I am building a business networking site. Each user will have own network of contacts, like on LinkedIn. So there will be his direct contacts (1st level), contacts of his contacts (2nd level) and 3rd level contacts.
I am not sure what would be the best way to get information about entire user network to 3rd degree level.
I have tried many things:
-I created for each friend connection a new row in mysql database (id | userid | friendid). Than did query SELECT * FROM network WHERE userid=$userid, than with PHP while loop and query for each friend to get all contacts of user friends and than again the same to get 3rd level.
-all 1st level friends in 1 field as text (separate them with : and than use PHP explode). Than do similar same to get 2nd and 3rd level.
-again for each 1st level friend connection a separated row but all 2nd and 3rd contacts into 1 field as text (id | userid | friendid | networkoffriend (separate 2nd level with ":" and 3rd level with ";" ).

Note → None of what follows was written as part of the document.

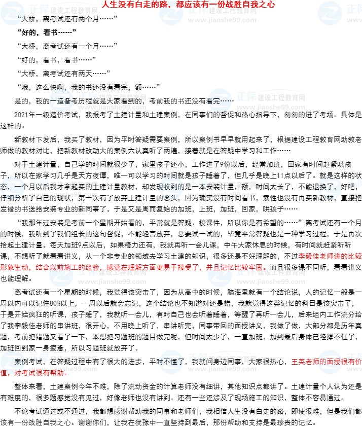 2021年一級(jí)造價(jià)師考試已經(jīng)結(jié)束,建設(shè)工程教育網(wǎng)在這個(gè)考試結(jié)束之際,推出了“我的造價(jià)備考之路”有獎(jiǎng)?wù)魑幕顒?dòng)!你投稿我發(fā)獎(jiǎng),在這個(gè)考完的放松時(shí)刻,讓你說出你的備考心得,分享你的備考醫(yī)路,在此小編為大家整理參與活動(dòng)的投稿內(nèi)容,一起分享大家的備考感悟與心得:

All options are far too slow. I have no idea how LinkedIn, Xing and other business social networking sites are doing this because if each user has 100 friends than there is 1mio users in 3rd level.
Has anybody any idea?
Thanks a lot!
Or you could show those 3rd level contacts who are friends with 2 of more 2nd level contacts.
i'm not even going to try to guess how large professional networking sites store their data
for someone who is just starting out, however, the "(userid | friendid)" model works fine
rather than doing a query, then looping over the results and doing a subsequent query for each row, you should be doing a self-join
and yes, if each user has 100 friends, the network can get very large, so you will have to give some thought to exactly what kind of results are practical to show to a user -- and showing all 1,000,000 3rd-level contacts doesn't sound very practical
Thank you, I will try also self-join. Is there any other way I should try?
I mentioned 1,000,000 3rd-level contacts because this will be related also to search and I need to display a number of results. But I am not sure if it is even possible to realize this with basic solutions, if not I will use only 2nd level contacts.
I tried the below code and this took the longest time. Actually it didn't stop loading. Did I make anything wrong?
mysql_query("SELECT friendid FROM friends WHERE userid IN ( SELECT friendid FROM friends WHERE userid=203)") or die(mysql_error());
did you declare any indexes?
no, I am not sure what should be indexed.
okay, please do a SHOW CREATE TABLE for the table